What you are asked to do: In the entries below, begin at the line that has "Der bürokratische Aufwand" and stop after the line that has "Aspetto innovativo, design"; output those lines exactly, leaving out pictures.

Data to examine:

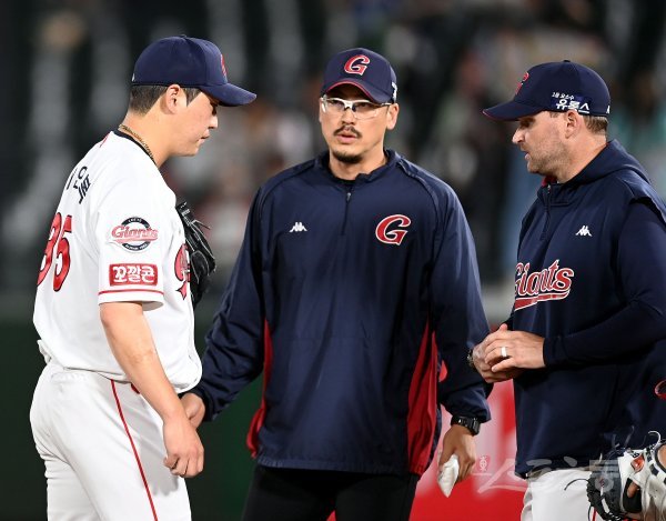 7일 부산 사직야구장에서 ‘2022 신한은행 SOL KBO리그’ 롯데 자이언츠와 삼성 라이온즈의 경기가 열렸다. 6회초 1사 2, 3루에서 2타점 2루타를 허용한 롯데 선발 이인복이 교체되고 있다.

* * *

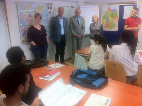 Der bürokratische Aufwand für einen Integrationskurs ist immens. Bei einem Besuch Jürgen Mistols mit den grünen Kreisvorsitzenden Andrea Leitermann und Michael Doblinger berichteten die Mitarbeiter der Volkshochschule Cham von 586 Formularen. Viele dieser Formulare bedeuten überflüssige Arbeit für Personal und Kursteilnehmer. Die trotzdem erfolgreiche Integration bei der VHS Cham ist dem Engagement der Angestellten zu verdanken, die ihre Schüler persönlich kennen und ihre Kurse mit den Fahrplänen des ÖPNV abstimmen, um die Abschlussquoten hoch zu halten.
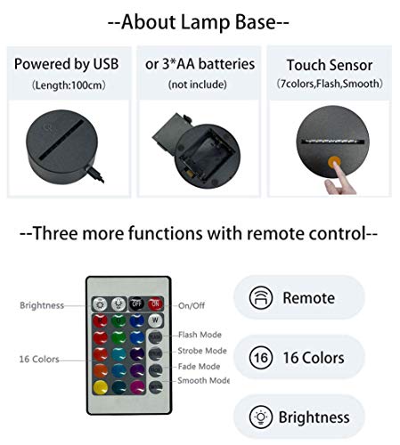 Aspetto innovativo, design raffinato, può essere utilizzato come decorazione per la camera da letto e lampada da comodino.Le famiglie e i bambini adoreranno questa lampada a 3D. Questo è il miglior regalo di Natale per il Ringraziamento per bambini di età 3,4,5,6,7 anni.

--

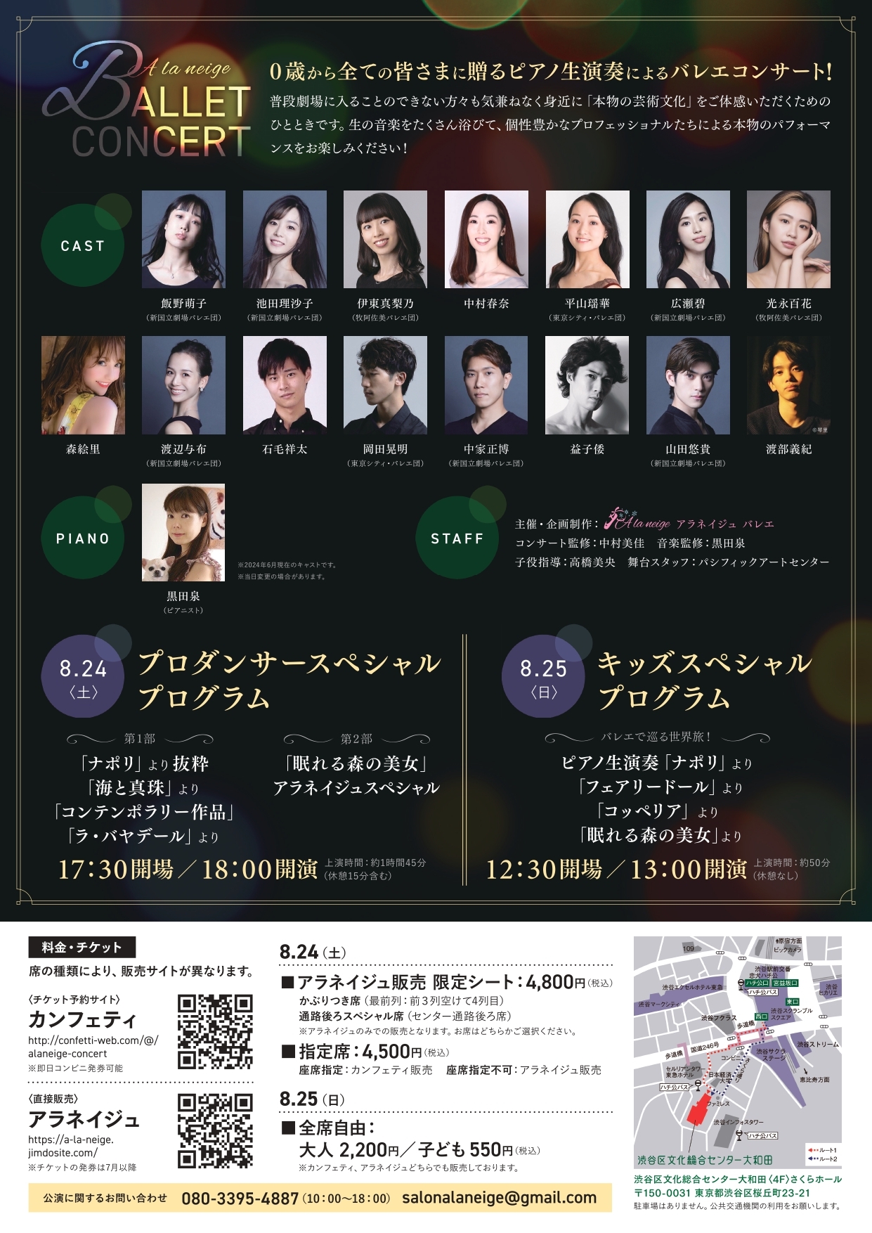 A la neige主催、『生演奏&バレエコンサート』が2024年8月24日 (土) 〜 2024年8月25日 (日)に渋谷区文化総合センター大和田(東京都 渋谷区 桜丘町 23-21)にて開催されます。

Output:
 Der bürokratische Aufwand für einen Integrationskurs ist immens. Bei einem Besuch Jürgen Mistols mit den grünen Kreisvorsitzenden Andrea Leitermann und Michael Doblinger berichteten die Mitarbeiter der Volkshochschule Cham von 586 Formularen. Viele dieser Formulare bedeuten überflüssige Arbeit für Personal und Kursteilnehmer. Die trotzdem erfolgreiche Integration bei der VHS Cham ist dem Engagement der Angestellten zu verdanken, die ihre Schüler persönlich kennen und ihre Kurse mit den Fahrplänen des ÖPNV abstimmen, um die Abschlussquoten hoch zu halten.
 Aspetto innovativo, design raffinato, può essere utilizzato come decorazione per la camera da letto e lampada da comodino.Le famiglie e i bambini adoreranno questa lampada a 3D. Questo è il miglior regalo di Natale per il Ringraziamento per bambini di età 3,4,5,6,7 anni.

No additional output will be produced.